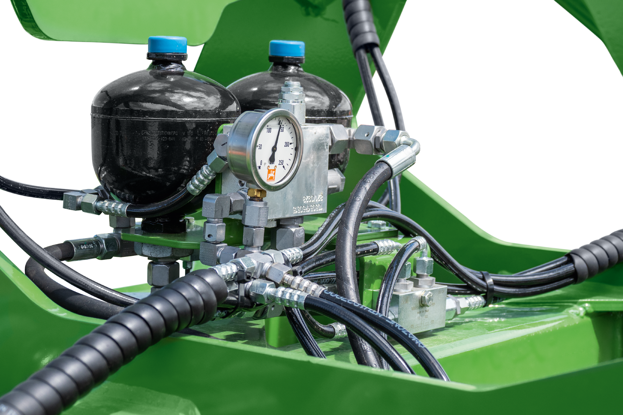 Die 2 Seitenrahmen des TopCuts werden für eine bessere Anpassung an den Boden mit dem System ContourFrame hydraulisch vorgespannt. So wird die optimale Anpassung an die Kontur eines hügeligen Geländes ermöglicht.
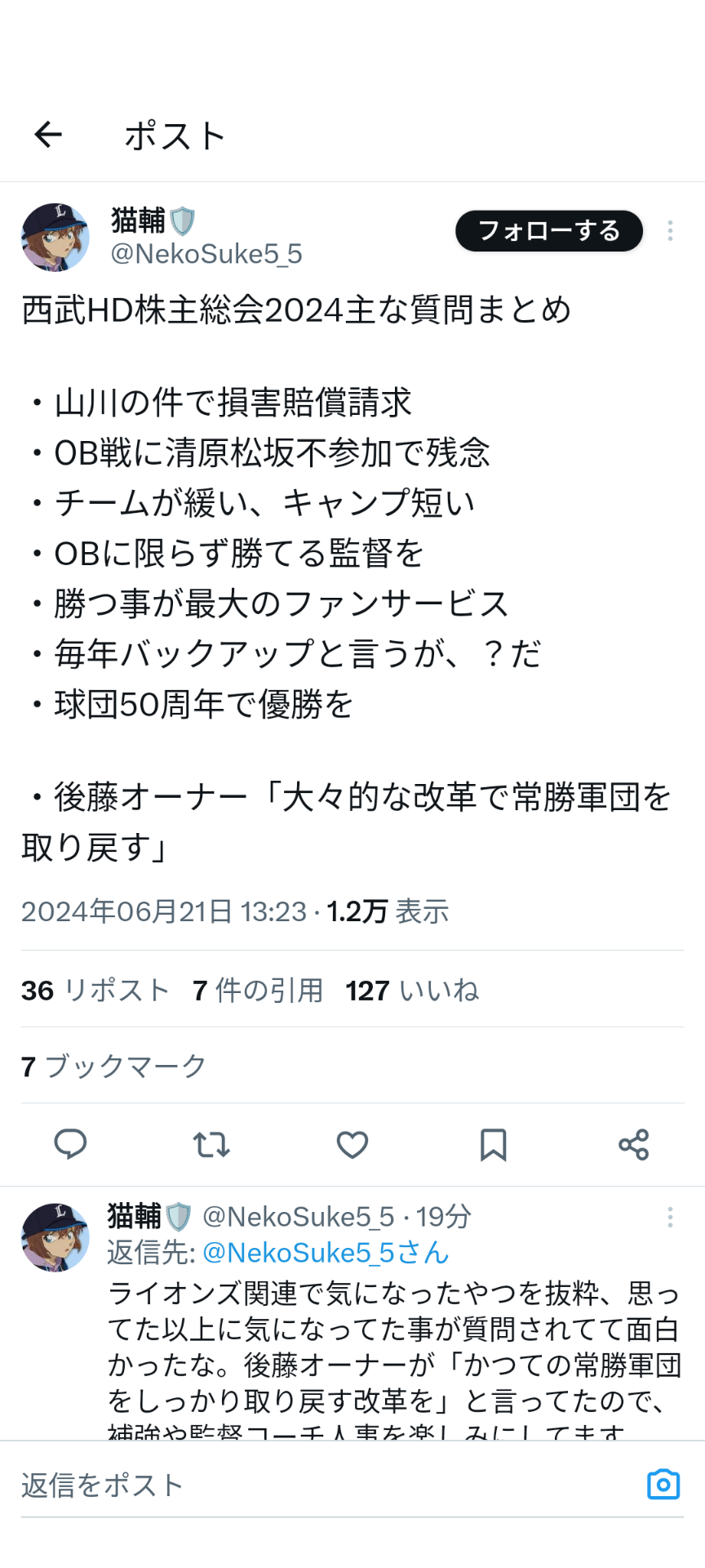 さらに別の株主からも昨年の山川の不祥事に対して「西武グループ全体の影響や損失額、損害賠償請求をしないのか」との質問も飛んだ。
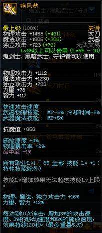 太刀,疾风劫,1~85级的技能全部加1,并且提供高额的三速加成,不论是连招还是刷图都非常的流畅,个人感觉太刀这种武器,几乎所有的鬼剑士都适合使用,毕竟玩游戏手感才是最重要的嘛,哈哈哈哈。
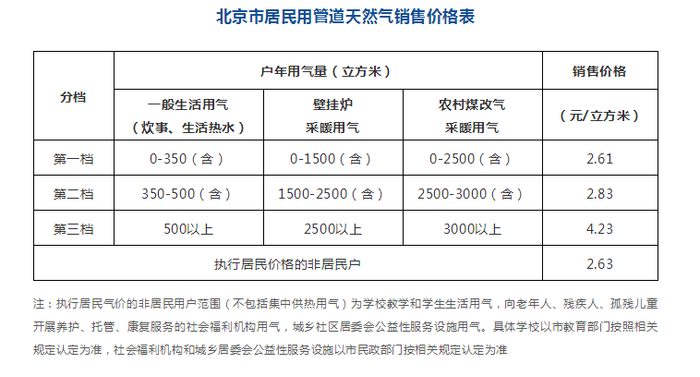 11月7日晚间,北京市发改委对外发布消息,因上游供气价格调整,经市政府同意,11月15日起,北京市管道天然气销售价格、非居民供热价格相应调整。
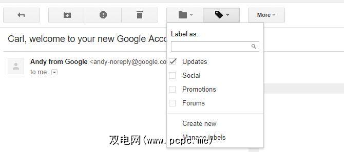 每当收到新的电子邮件时,都可以单击顶部菜单中的标签图标,并选择一个类别或为该电子邮件创建一个新类别。
━━━━━━━━━━
▶ **What is required**: Reproduce the final stretch of lines exactly: the line containing "太刀,疾风劫,1~85级的技" through the last line of the data, both included. Pictures do not belong in the copy.

▶ **Task solution**:
 太刀,疾风劫,1~85级的技能全部加1,并且提供高额的三速加成,不论是连招还是刷图都非常的流畅,个人感觉太刀这种武器,几乎所有的鬼剑士都适合使用,毕竟玩游戏手感才是最重要的嘛,哈哈哈哈。
 11月7日晚间,北京市发改委对外发布消息,因上游供气价格调整,经市政府同意,11月15日起,北京市管道天然气销售价格、非居民供热价格相应调整。
 每当收到新的电子邮件时,都可以单击顶部菜单中的标签图标,并选择一个类别或为该电子邮件创建一个新类别。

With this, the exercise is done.